The following is some version of Tannaka-Krein theory, and is reasonably well-known:

> Let $G$ be a group (in Set is all I care about for now), and $G\text{-Rep}$ the category of all $G$-modules (over some field $\mathbb K$, say).  It is a fairly structured category (complete, cocomplete, abelian, $\mathbb K$-enriched, ...) and in particular carries a symmetric tensor product $\otimes$.  The forgetful functor $\operatorname{Forget}: G\text{-Rep} \to \text{Vect}$ respects all of this structure, and in particular is (symmetric) monoidal.  Let $\operatorname{End}_\otimes(\operatorname{Forget})$ denote the monoid of monoidal natural transformations of $\operatorname{Forget}$.  Then it is a group, and there is a canonical isomorphism $\operatorname{End}_\otimes(\operatorname{Forget}) \cong G$.

The following is probably also reasonably well-known, but I don't know it myself:

> Let $G$, etc., be as above, but suppose that we have forgotten what $G$ the category $G\text{-Rep}$ came from, and in particular forgot, at least momentarily, the data of the forgetful functor.  We can nevertheless recover it, because in fact $\operatorname{Forget}$ is the unique-up-to-isomorphism ADJECTIVES functor $G\text{-Rep} \to \text{Vect}$.

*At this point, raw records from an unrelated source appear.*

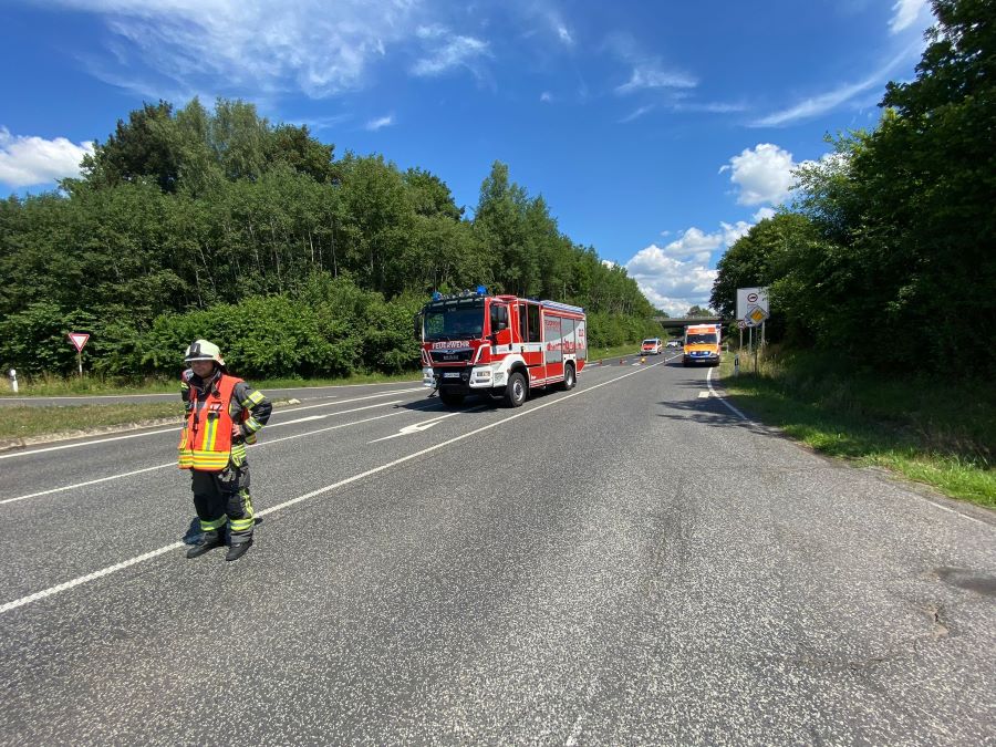 Am Samstagmittag wurde die Feuerwehr Kaufungen auf die B7, Abfahrt Lohfelden alarmiert. Im Kreuzungsbereich kam es zu einem Verkehrsunfall wodurch ein Fahrzeug in Brand geriet. Die Einsatzkräfte löschten das Fahrzeug und kühlten es mittels Schaummittel ab.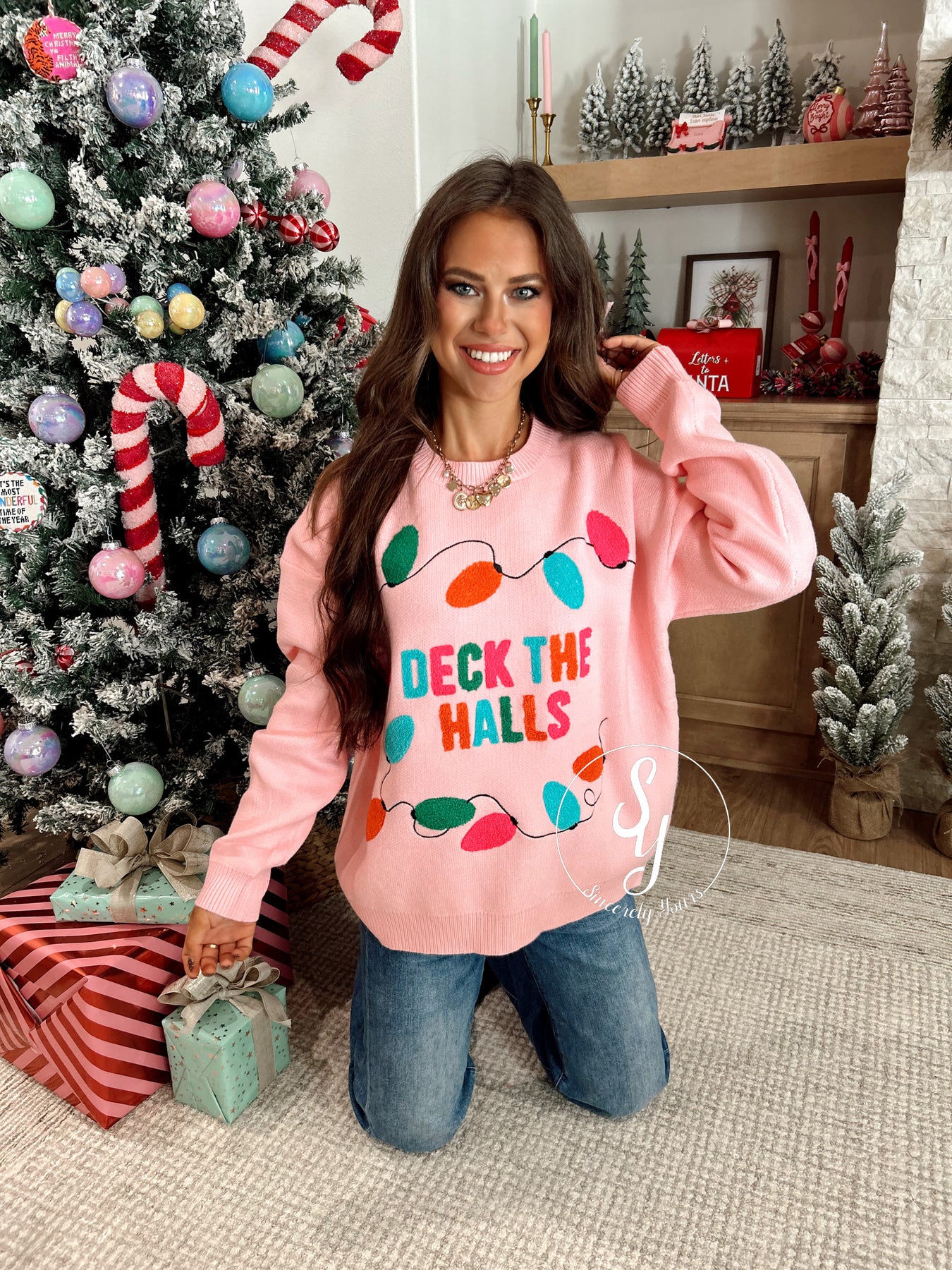 Wrap yourself in holiday cheer with this delightfully soft Deck The Halls Sweater! Available in a lovely light pink shade, this cozy knit brings festive flair to your seasonal wardrobe. The plush fabric feels amazing against your skin, making it perfect for lounging by the fire or spreading joy at holiday gatherings. Whether you're decking the halls or just staying cozy, this sweater is sure to become your new favorite go-to piece.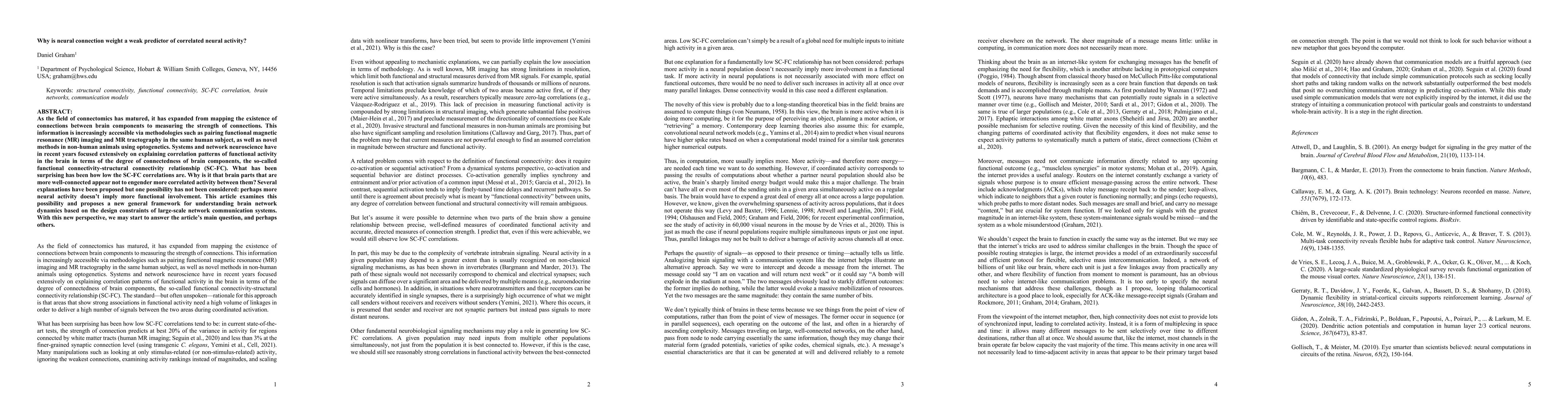 As the field of connectomics has matured, it has expanded from mapping the existence of connections between brain components to measuring the strength of connections. This information is increasingly accessible via methodologies such as pairing functional magnetic resonance (MR) imaging and MR tractography in the same human subject, as well as novel methods in non-human animals using optogenetics. Systems and network neuroscience have in recent years focused extensively on explaining correlation patterns of functional activity in the brain in terms of the degree of connectedness of brain components, the so-called functional connectivity-structural connectivity relationship (SC-FC). What has been surprising has been how low the SC-FC correlations are. Why is it that brain parts that are more well-connected appear not to engender more correlated activity between them? Several explanations have been proposed but one possibility has not been considered: perhaps more neural activity doesn't imply more functional involvement. This article examines this possibility and proposes a new general framework for understanding brain network dynamics based on the design constraints of large-scale network communication systems. With this new perspective, we may start to answer the article's main question, and perhaps others.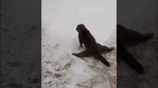 Една котка иска да отиде на разходка в снега, но постоянно се плъзга по заледени повърхности.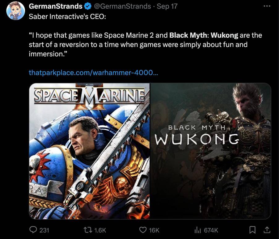 (Saber CEO: 我希望《战锤40K:星际战士2》和《黑神话:悟空》能够引领游戏回归到单纯追求乐趣和沉浸感的时代)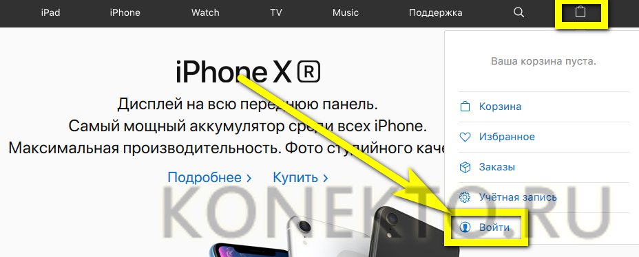 Снова перейти на главную страницу Apple apple.com и вызвать окошко авторизации на сайте.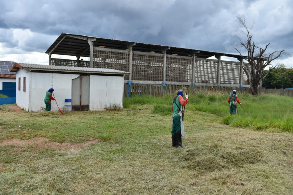 #ParaTodosVerem A imagem de capa mostra os uniformes que serão entregues aos alunos. A primeira foto interna também mostra os uniformes em cima de uma mesa. A próxima imagem é de equipes limpando o terreno de uma das escolas e a última foto mostra um trabalhador executando a roçada em uma escola municipal.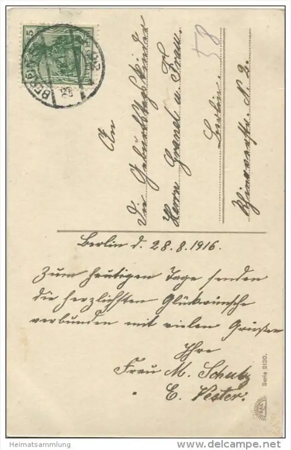 Zwei Kinder mit Blumen - Bug rechts (E15509) gel. 1916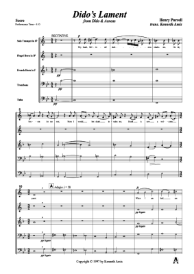 Dido's Lament - Noten fĂŒr BlechblĂ€serquintett Henry Purcell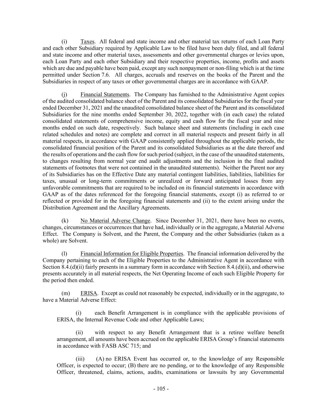 - 105 - (i) Taxes. All federal and state income and other material tax returns of each Loan Party and each other Subsidiary required by Applicable Law to be filed have been duly filed, and all federal and state income and other material taxes, assessments and other governmental charges or levies upon, each Loan Party and each other Subsidiary and their respective properties, income, profits and assets which are due and payable have been paid, except any such nonpayment or non-filing which is at the time permitted under Section 7.6. All charges, accruals and reserves on the books of the Parent and the Subsidiaries in respect of any taxes or other governmental charges are in accordance with GAAP. (j) Financial Statements. The Company has furnished to the Administrative Agent copies of the audited consolidated balance sheet of the Parent and its consolidated Subsidiaries for the fiscal year ended December 31, 2021 and the unaudited consolidated balance sheet of the Parent and its consolidated Subsidiaries for the nine months ended September 30, 2022, together with (in each case) the related consolidated statements of comprehensive income, equity and cash flow for the fiscal year and nine months ended on such date, respectively. Such balance sheet and statements (including in each case related schedules and notes) are complete and correct in all material respects and present fairly in all material respects, in accordance with GAAP consistently applied throughout the applicable periods, the consolidated financial position of the Parent and its consolidated Subsidiaries as at the date thereof and the results of operations and the cash flow for such period (subject, in the case of the unaudited statements, to changes resulting from normal year end audit adjustments and the inclusion in the final audited statements of footnotes that were not contained in the unaudited statements). Neither the Parent nor any of its Subsidiaries has on the Effective Date any material contingent liabilities, liabilities, liabilities for taxes, unusual or long-term commitments or unrealized or forward anticipated losses from any unfavorable commitments that are required to be included on its financial statements in accordance with GAAP as of the dates referenced for the foregoing financial statements, except (i) as referred to or reflected or provided for in the foregoing financial statements and (ii) to the extent arising under the Distribution Agreement and the Ancillary Agreements. (k) No Material Adverse Change. Since December 31, 2021, there have been no events, changes, circumstances or occurrences that have had, individually or in the aggregate, a Material Adverse Effect. The Company is Solvent, and the Parent, the Company and the other Subsidiaries (taken as a whole) are Solvent. (l) Financial Information for Eligible Properties. The financial information delivered by the Company pertaining to each of the Eligible Properties to the Administrative Agent in accordance with Section 8.4.(d)(ii) fairly presents in a summary form in accordance with Section 8.4.(d)(ii), and otherwise presents accurately in all material respects, the Net Operating Income of each such Eligible Property for the period then ended. (m) ERISA. Except as could not reasonably be expected, individually or in the aggregate, to have a Material Adverse Effect: (i) each Benefit Arrangement is in compliance with the applicable provisions of ERISA, the Internal Revenue Code and other Applicable Laws; (ii) with respect to any Benefit Arrangement that is a retiree welfare benefit arrangement, all amounts have been accrued on the applicable ERISA Group’s financial statements in accordance with FASB ASC 715; and (iii) (A) no ERISA Event has occurred or, to the knowledge of any Responsible Officer, is expected to occur; (B) there are no pending, or to the knowledge of any Responsible Officer, threatened, claims, actions, audits, examinations or lawsuits by any Governmental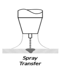 In this type of transfer, the electrode is held further away from the workpiece, and the filler metal forms into a spray of small droplets that transfer to the workpiece and form the weld. This type of transfer is typically used for high welding current and high welding speed applications and is known for its high heat input and high deposition rate and low spatter. It requires high energy and typically voltage > 25 volts, current >250amps.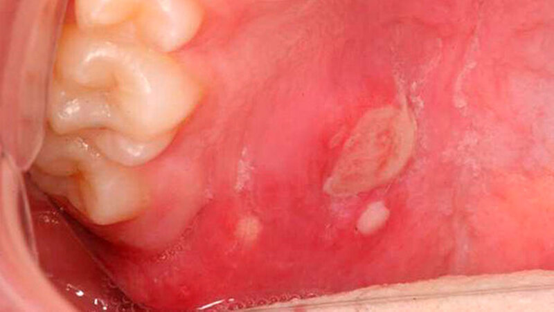Auch thermische Irritationen (Getränke oder Medikamente ) könnten zu einer Läsion der Mundschleimhaut sowie Verletzungen durch harte Nahrung (Brotkrusten) führen, was berücksichtigt werden müsste.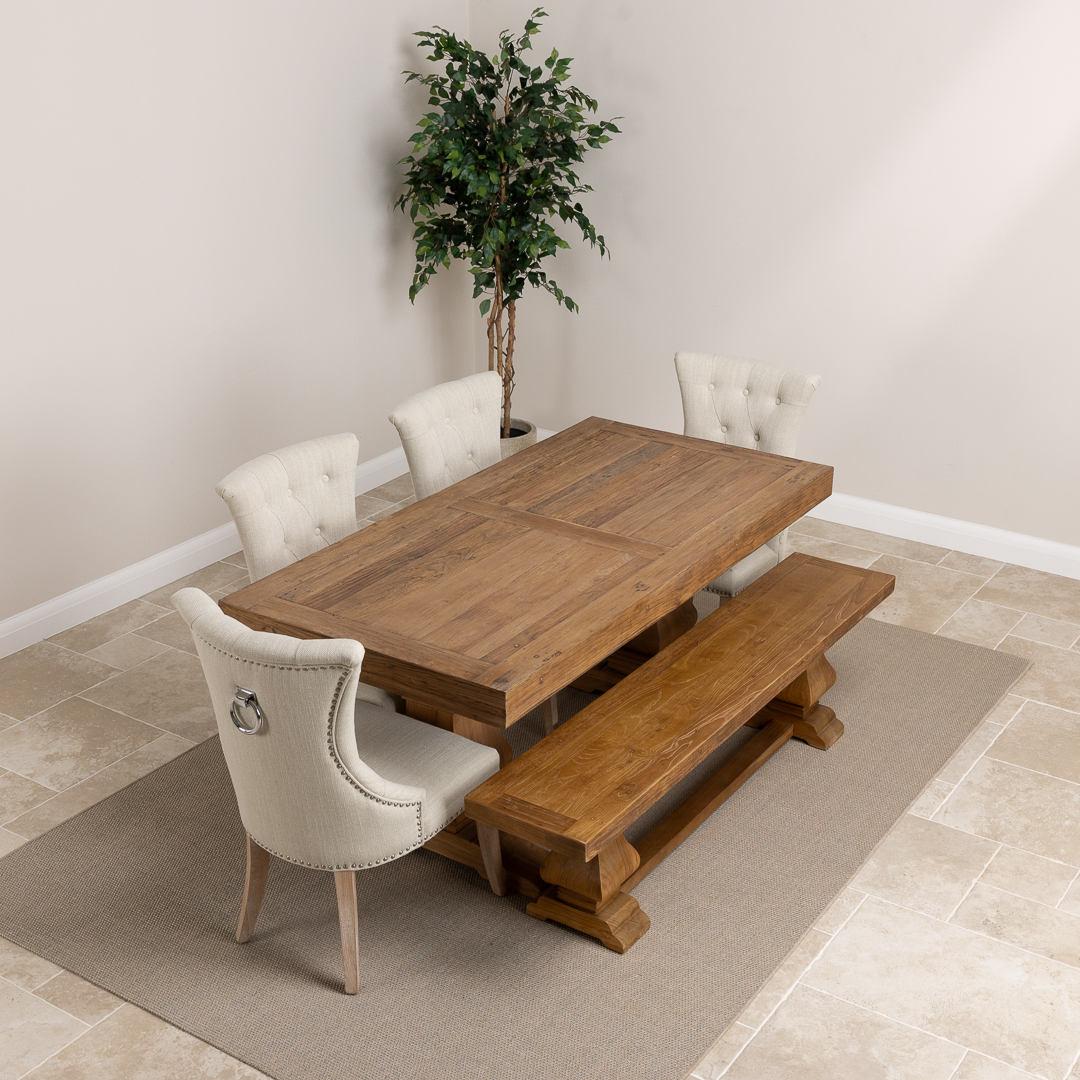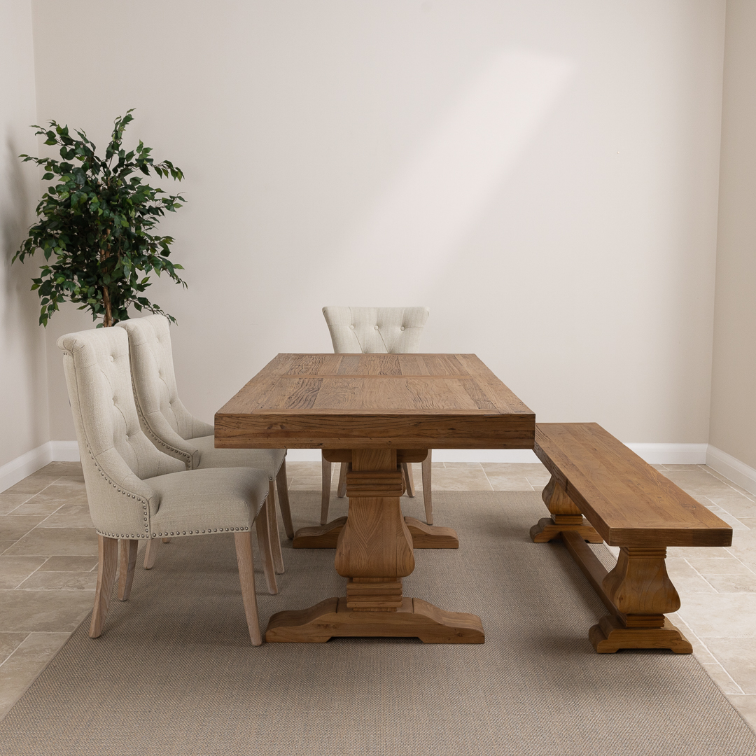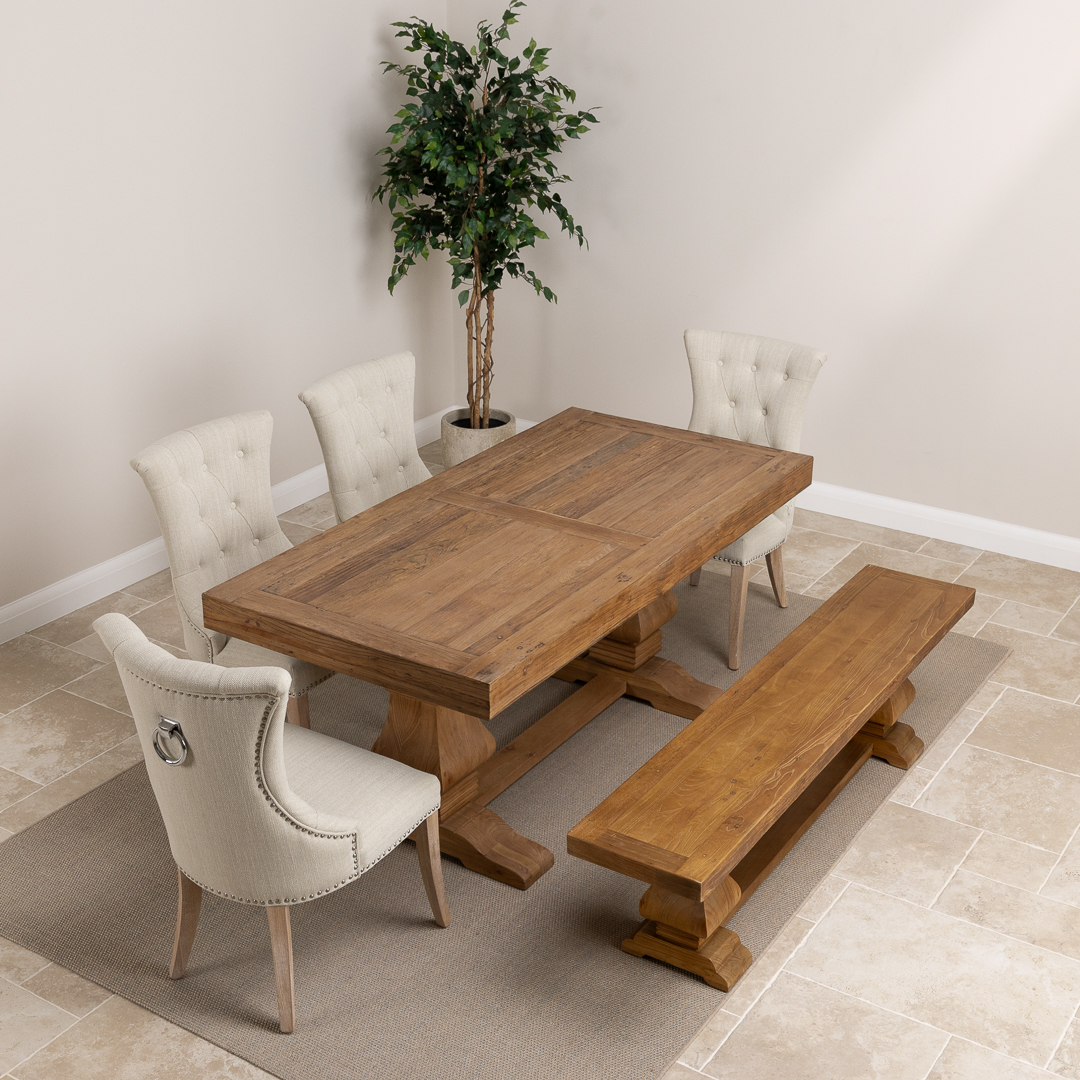 180cm Rectangular Reclaimed Elm Pedestal Indoor Dining Table with Elm Bench & 2 or 4 Upholstered Windsor Chairs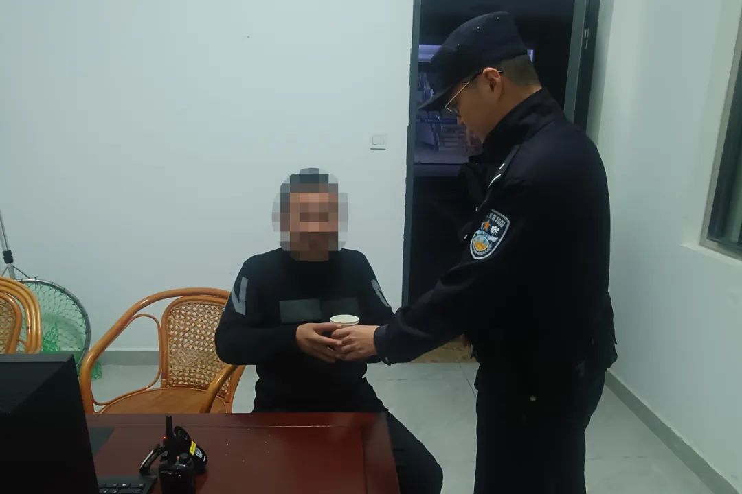 夜间寒气袭人,男子冻得瑟瑟发抖,民警赶忙让男子坐上警车将其带回派出所,并给他端来一杯热茶。男子浅饮了两口热茶,轻轻地呼出了一口气,这才暖和过来,开始向民警介绍自己的情况。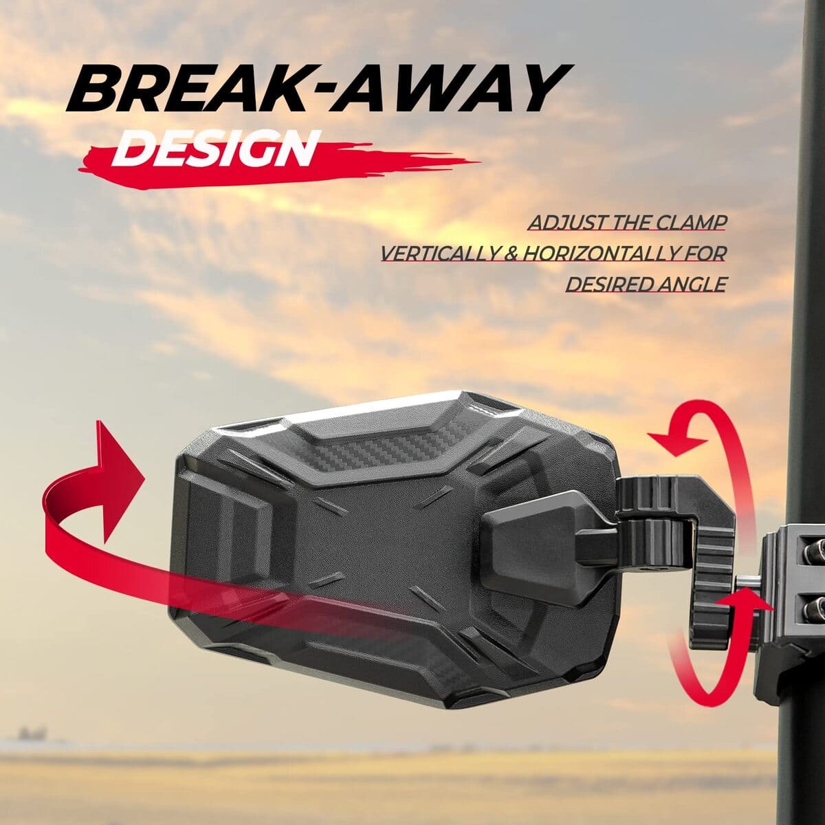 Breakaway Splash-Proof: UTV rear view mirrors can be folded inward and avoid crushing when you encounter obstacles such as branches in the trail. Upgraded splash-proof lens are not like other mirrors on the market that will splash and hurt people when broken.

My question is: what are the words that should go in place of "ADJECTIVES" above?  Certainly "linear, continuous, cocontinuous, monoidal" are all reasonable words, although my intuition has been that I can drop "cocontinuous" from the list.  But even with all these words, I don't see how to prove the uniqueness.  If I had to guess, I would guess that the latter claim is a result of Deligne's, although I don't read French well enough to skim a bunch of his papers and find it.  Any pointers to the literature?